Introduction
Deneb.jl simply provides a convenient API to create Vega-Lite JSON specifications programmatically in Julia. Then, adequate show
methods enable automatic displaying of charts when Deneb.jl is run on platforms such as Jupyter, Pluto, VSCode, or any other environments that can render rich MIME types. Furthermore, a chart can be saved in several formats using the function save
.
Vega-Lite Specifications
Vega-Lite specifications describe visualizations as encoding mappings from data to properties of graphical marks. These specifications are created with a concise declarative JSON syntax. For example:
{
"data": {"url": "https://vega.github.io/vega-datasets/data/seattle-weather.csv"},
"mark": "bar",
"encoding": {
"x": {"timeUnit": "month", "field": "date", "type": "ordinal"},
"y": {"aggregate": "mean", "field": "precipitation"}
}
}
represents the following visualization:
The vlspec
function
The first way to create any arbitrary Vega-Lite specification in Deneb.jl is using the vlspec
function. The previous example can be directly translated to the following vlspec
call:
using Deneb
vlspec(
data=(; url="https://vega.github.io/vega-datasets/data/seattle-weather.csv"),
mark=:bar,
encoding=(
x=(timeUnit=:month, field=:date, type=:ordinal),
y=(aggregate=:mean, field=:precipitation),
)
)
The main differences between the JSON spec and the vlspec
are:
- JSON strings can be represented either as a Julia
String
(e.g."https://vega.github.io/vega-datasets/data/seattle-weather.csv"
) or as a JuliaSymbol
(e.g.:bar
). - key-value pairs are represented as a
NamedNtuple
(aDict
is also accepted), so{}
is translated to()
,:
is translated to=
and keys are not surrounded by quotation marks. Note that in Julia aNamedTuple
with a single element needs to be defined either as(; a=1)
or as(a=1, )
.
Using Deneb.jl one can build a vlspec
defining pieces programmatically using standard techniques.
url = "https://vega.github.io/vega-datasets/data/seattle-weather.csv"
data = (; url)
mark = :bar
x=(timeUnit=:month, field=:date, type=:ordinal)
y=(aggregate=:mean, field=:precipitation)
encoding = (; x, y)
vlspec(; data, mark, encoding)
The Deneb.jl API
With vlspec
one can build any arbitrary Vega-Lite spec programmatically, providing already an advantage over directly writing JSON specs. However, these direct translations are still rather verbose. Deneb.jl provides an API to create specs in a more concise and convenient way.

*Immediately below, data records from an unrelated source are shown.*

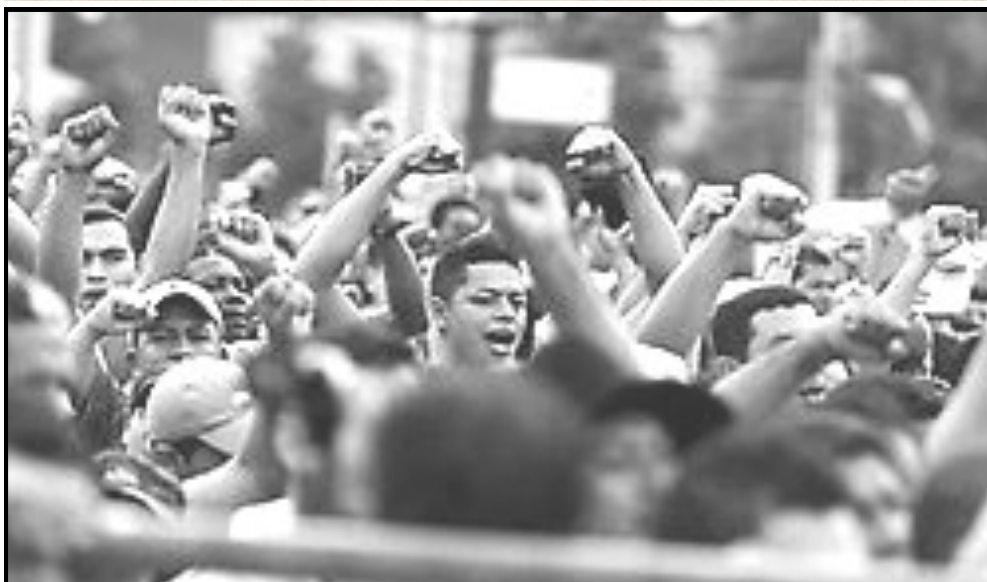
HONDURAS—Teachers on Strike, August, 2010—See article page 13
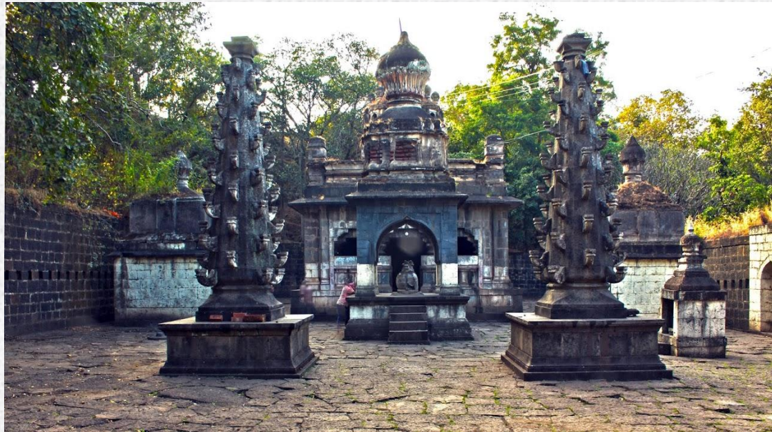
MASA funded research 2018 by Vaidehi Lavand & Saili Palande Datar

About Pateshwar Heritage Complex: Pateshwar is a unique and significant heritage site located 16 Km away from the city of Satara in Maharashtra. The site offers incredible visual experience to the visitors and fills their mind with intrigue and awe. The remote location of the site adds to the mystic and it leaves audience in sense of awe, respect and intrigue. It is hence important to explore the secrets of Pateshwar through scientific enquiry and faculty of various subjects. This exercise aims to underline the importance of the small but unique site of Pateshwar in context of India heritage & history and has immense bearing on Satara region's multifaceted cultural identity. Dr. Vaidehi Lavand and Ms. Saili Palande Datar are currently working on MASA funded research project to document this site.
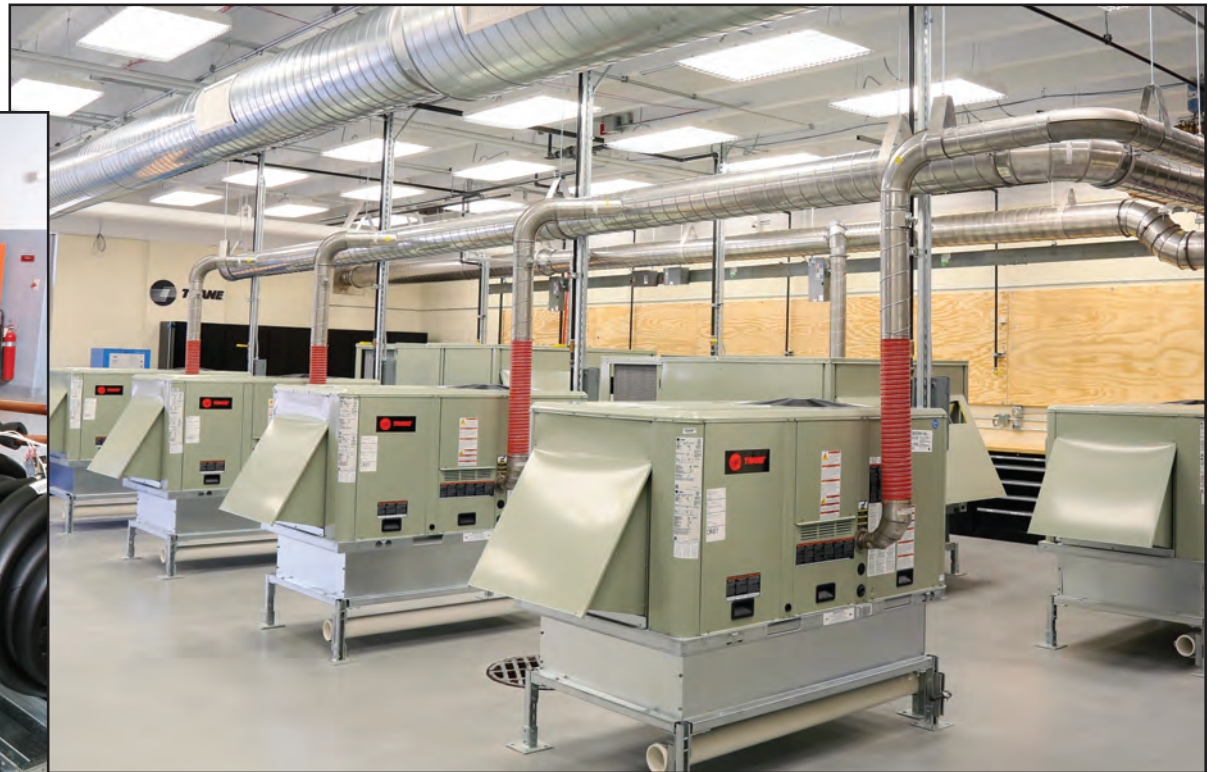
ABOVE: This is the industrial heating lab, which includes several Trane units. This lab provides the opportunity to work on the most popular types of packaged commercial/industrial heating/cooling units, featuring the latest technology such as wireless controls. Additional features include eight hydronic systems coupled with radiant floor and conventional heat emitters. The lab also has a six-panel solar thermal hot water installation that provides potable hot water and helps heat the Kenosha Campus.
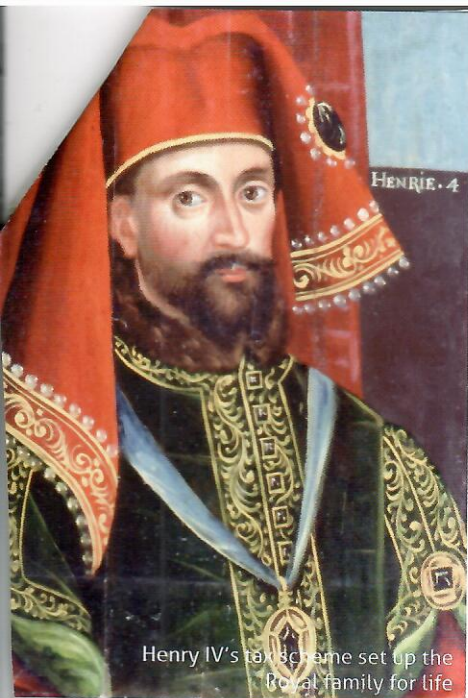
Henry IV's tax scheme set up the royal family for life

the asset by separating it from the Crown Estate, but that's not all. Its status means that it is not subject to 134 capital gains tax 135 , when handed down, nor income tax. Covering 18,433 hectares, the Duchy owns land and properties throughout Britain, including Lancaster Castle, but the jewel in its crown is the Savoy Estate. The A-class central London prime real estate goes from the fashionable 136 Strand to the iconic Savoy Hotel – yes, the Queen owns that too. The Duchy of Lancaster brings around GBP 18 mln to the family table, while her son, Charles, the Prince of Wales has his own little earner 137 in the form of the Duchy of Cornwall. It is even bigger, covering an area of over 53,000 hectares, incorporating large parts of Cornwall and most of the Isles of Scilly. Like the Duchy of Lancaster, it was another asset management plan constructed by Henry IV, which is also beyond the reach 138 of the taxman 139 . It's a neat 140 arrangement because the Duchies are treated as national assets, but are held in trust 141 for future generations of sovereigns.
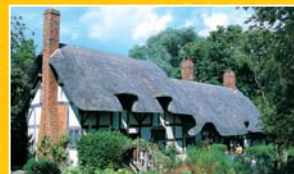
The most romantic Shakespeare House

Following the Easter Holiday theme of 'Growing Pains' Hall's Croft provides some grisly insights into being a Tudor Tot in its latest exhibition ' Gory and Ghastly '. Children can discover the perilous path of childhood in the 16th and 17th centuries through a range of fun activities.
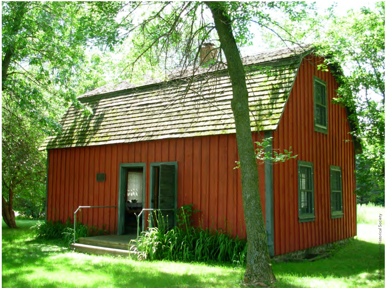
The Erickson Log House was built in 1868.
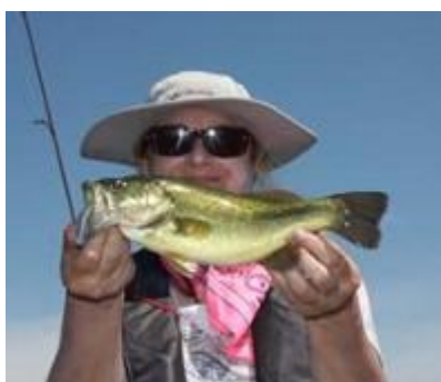
Galida's Grubz largemouth
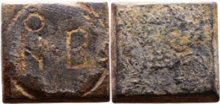
1623 Byzantine Period - Weight 16mm 8,67g
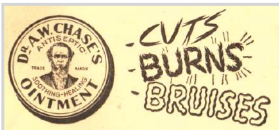
Dr. A. W. Chase's Calendar Almanac 1949
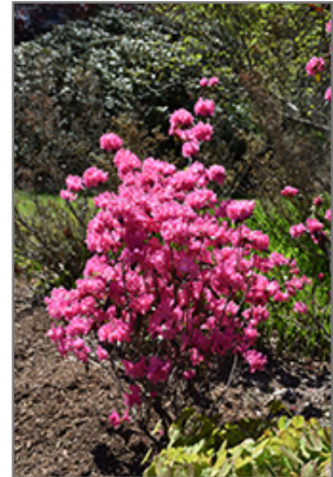
Landmark Rhododendron in bloom
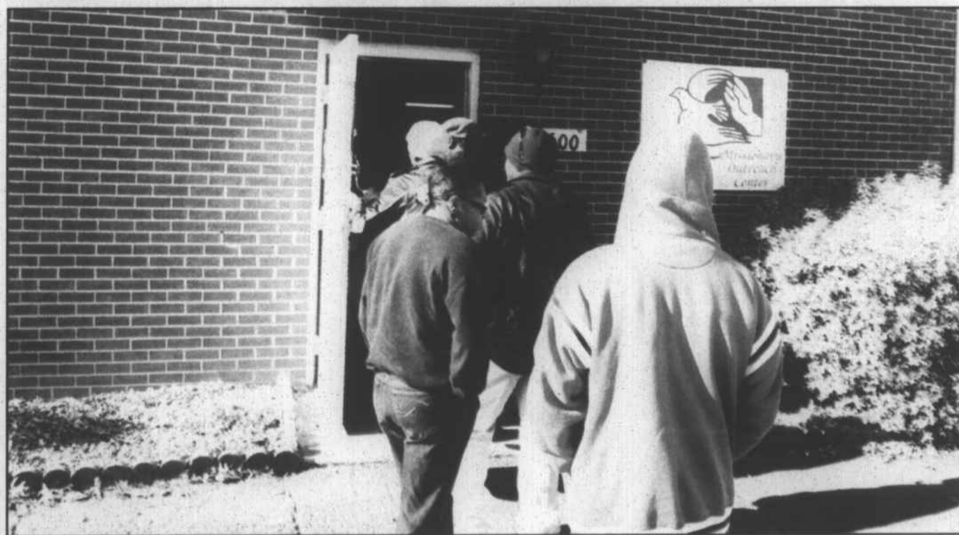
A line forms at the church at about noon last Thursday.
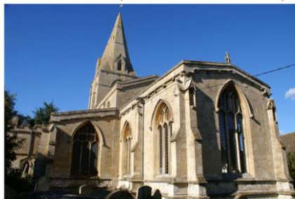
All proceeds to St John's Church
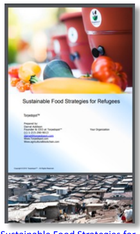
Sustainable Food Strategies for

data = Data(url="https://vega.github.io/vega-datasets/data/seattle-weather.csv")
chart = data * Mark(:bar) * Encoding("month(date):O", "mean(precipitation)")
The following patterns have been demonstrated in the previous example:
- The sub-spec of the
data
,mark
andencoding
properties have been created withData
,Mark
andEncoding
, and then composed using the*
operator. - The
x
andy
channels have been defined in theEncoding
as positional arguments. Alternatively they could've been explicitly defined as keyword arguments. - Inspired by Altair, a string shorthand syntax have been used to conveniently represent the
type
,field
,aggregate
andtimeUnit
properties of the encoding channels.
The convenience of Deneb.jl's API can be further illustrated in the following example of a more elaborated visualization. This visualization represents a bar chart of the average monthly precipitation in Seattle, overlaid with a rule for the overall yearly average, and allows for an interactive moving average for a dragged region using the mouse (a region can be selected and then dragged).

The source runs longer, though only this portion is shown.